④経営方針、経営戦略、経営上の目標の達成状況を判断するための客観的な指標等
当社グループは当連結会計年度の当初目標として連結売上高1,300億円、連結営業利益100億円、連結経常利益110億円、親会社株主に帰属する当期純利益80億円を掲げておりました。結果については以下のとおりです。
売上高は高吸水性樹脂事業からの撤退や安価な中国製品との競争激化の影響などにより1,278億5千9百万円(前期比10.1%減)となりました。利益面では、半導体分野の好調に加え、上記事業撤退による収益性改善やサプライチェーン全体の効率化などにより営業利益は100億7百万円(前期比18.6%増)、経常利益は122億5千6百万円(前期比26.7%増)となりました。また、親会社株主に帰属する当期純利益は当社の連結子会社であったSDPグローバル株式会社の吸収合併に伴い、同社より引き継いだ税務上の繰越欠損金及び将来減算一時差異等について、繰延税金資産の回収可能性を慎重に検討した結果、法人税等及び法人税等調整額を含む税金費用(益)を計上したことなどにより156億3千7百万円(前期比276.6%増)となり、ROEは10.6%(前期比7.6ポイント増)になりました。

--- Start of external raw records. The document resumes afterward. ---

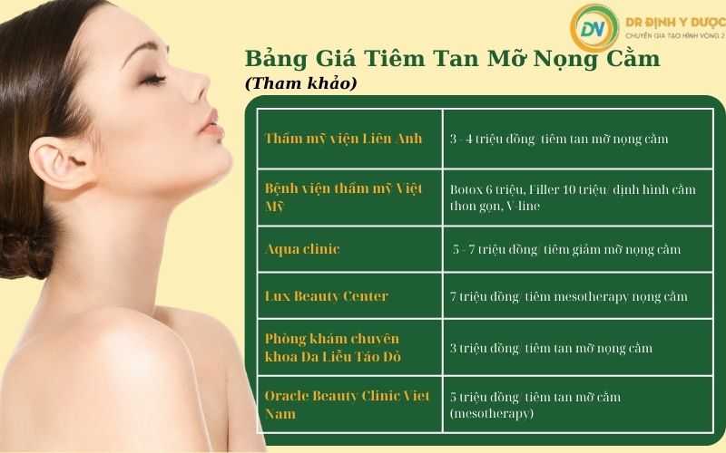 Hút mỡ nọng cằm là phương pháp thẩm mỹ giúp loại bỏ mỡ thừa dưới cằm, mang lại khuôn mặt thon gọn và tự tin hơn. Về chi phí, hiện nay giá hút mỡ nọng cằm dao động khá đa dạng tùy theo cơ sở thực hiện và công nghệ áp dụng. Thông thường, mức giá phổ biến trên thị trường nằm trong khoảng từ 15 đến 20 triệu đồng cho một ca hút mỡ nọng cằm tại các phòng khám uy tín.
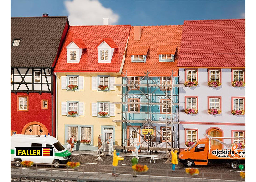 One of the houses is surrounded by scaffolding and is being painted. Scaffolding parts are included.
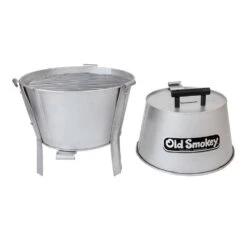 The Old Smokey Classic Charcoal Grill features 220 sq. in. of cooking space so you can cook for 4 – 6 people. The portable design lets you take the grill to your next tailgate party, campsite cookout or beachfront barbecue, and the rust-resistant aluminized steel construction offers light weight and durability.
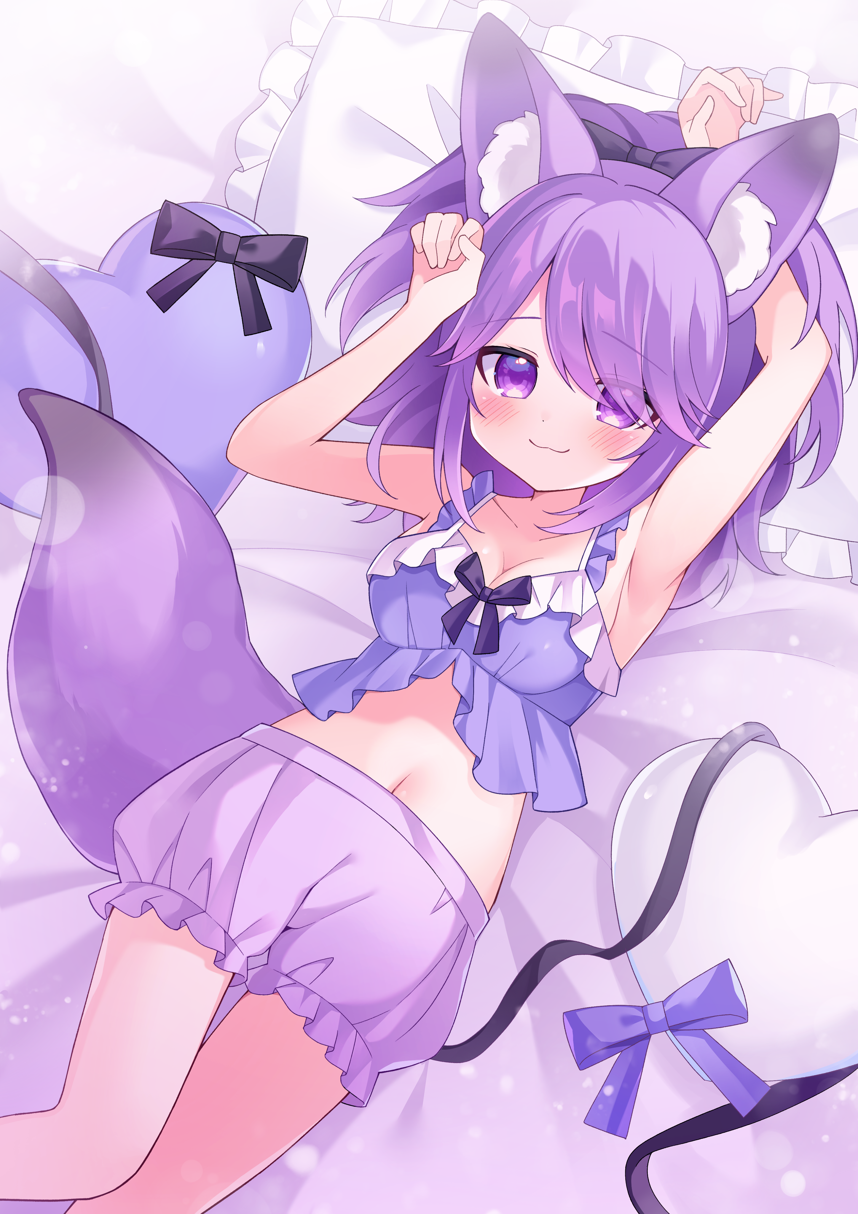1girlanimal ear fluffanimal earsbloomersblushbreastsclosed mouthfox earsfox girlfox taillooking at viewerlyingmedium breastsmedium hairnavelon backpillowpurple bloomerspurple eyespurple hairsolotailunderwearvirtual youtuber

今後の見通しにつきましては、わが国経済は内需主導で緩やかな回復基調が継続すると見込まれます。一方、世界的には米国の関税政策の動向やロシア・ウクライナ情勢の長期化、中東地域を巡る地政学リスク等による先行き不透明な状況が続くと予想されます。また、事業環境としても上記状況の他、中国における汎用石油化学品の過剰生産による競争激化に加え、原料価格動向や為替動向など予断を許さない状況が続くと想定されます。

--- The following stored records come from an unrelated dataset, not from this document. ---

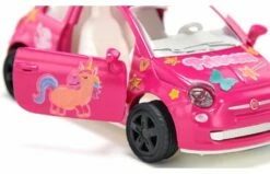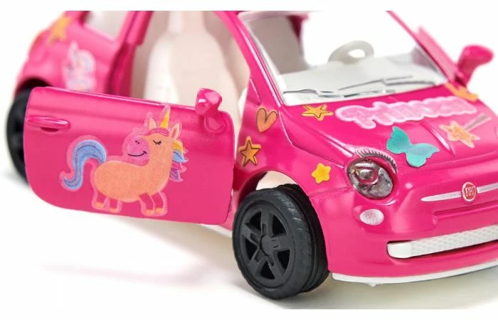 Wij betreden de wereld van de glamour – Prinsessen rijden op een eenhoorn of in een Fiat 500. En dan niet zomaar eentje maar in het roze. Het plezier begint al bij het in elkaar zetten van de losse onderdelen. Klaar! Nog niet want met de autostickers kan het snoezige cultmodel individueel worden gedecoreerd. Mag het een beetje glitter zijn? Of misschien een glinsterend kleurtje, of een regenboog? Of geeft de prinses misschien de voorkeur aan een eenhoorn op de auto? Een prachtig geschenk voor en met vrienden.
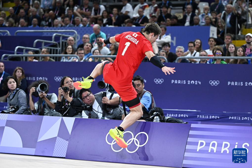 8月5日,日本队选手西田有志在比赛中飞身救球。
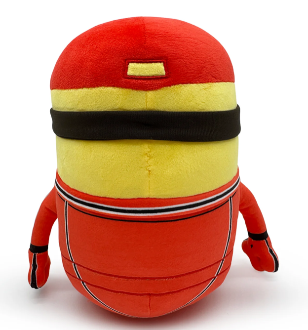 Sitting at 9 inches tall and wearing an orange racing suit with black and white stripe detailing along the arms and and neck as decal pattern the front, above this minion's smiling face he wears an orange hat with a checkerboard detail under the brim! This plush is packed to the seams with 100% PP cotton and is made of the normal and sublimated minky materials, perfect for cuddling or racing with!
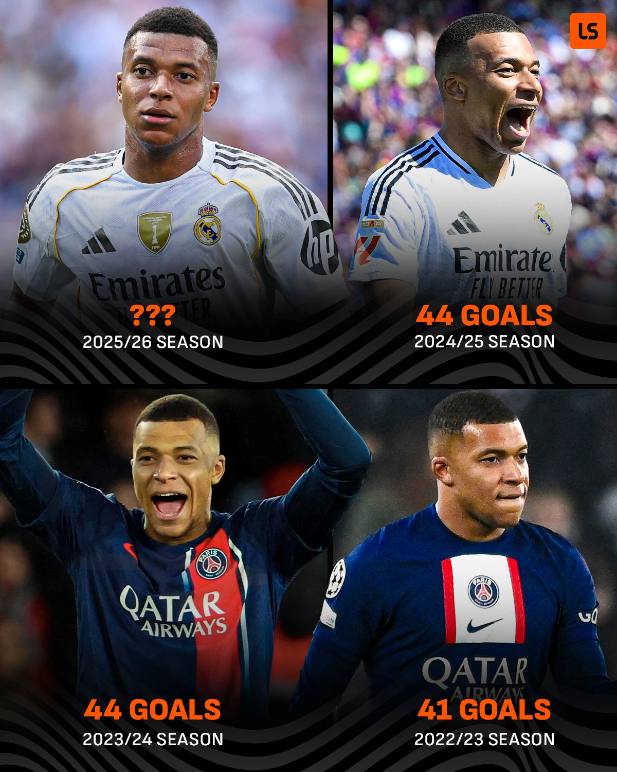 امباپه که در اولین فصل حضور خود در فوتبال اسپانیا آقای گل لیگ شد، به دنبال این است تا برای چهارمین فصل متوالی، از رکورد ۴۰ گل زده در یک فصل عبور کند.

このような環境の中、翌連結会計年度の連結業績見通しにつきましては、中東情勢の緊迫化により原料調達や販売数量等への影響が発生する可能性がありますが、現段階では状況が流動的であり、合理的な影響を把握することは困難であるため、業績見通しには織り込んでいません。一方、売上高は、原材料価格上昇分の価格転嫁などを織り込むことで1,500億円(前期比17.3%増)となる見込みです。また、営業利益は、構造改革や高付加価値製品の拡販による増益効果が見込まれるものの、成長事業への先行投資に伴う費用増等もあり、前期並みの100億円(前期比0.1%減)を見込んでおります。経常利益は、為替差益の減少などにより115億円(前期比6.2%減)、親会社株主に帰属する当期純利益は、税金費用減少の影響がなくなることなどにより90億円(前期比42.4%減)を予想しております。
⑤重要な会計上の見積り及び当該見積りに用いた仮定
当社グループの連結財務諸表及び財務諸表は、我が国において一般に公正妥当と認められる企業会計の基準に準拠して作成しております。その作成には、過去の実績や状況に応じて合理的と考えられる様々な要因に基づき、見積り及び判断を行っております。当社が採用しております会計方針の内、重要となる事項につきましては、「第5 経理の状況 1 連結財務諸表等 (1)連結財務諸表 注記事項(重要な会計上の見積り)」に記載しておりますのでご参照ください。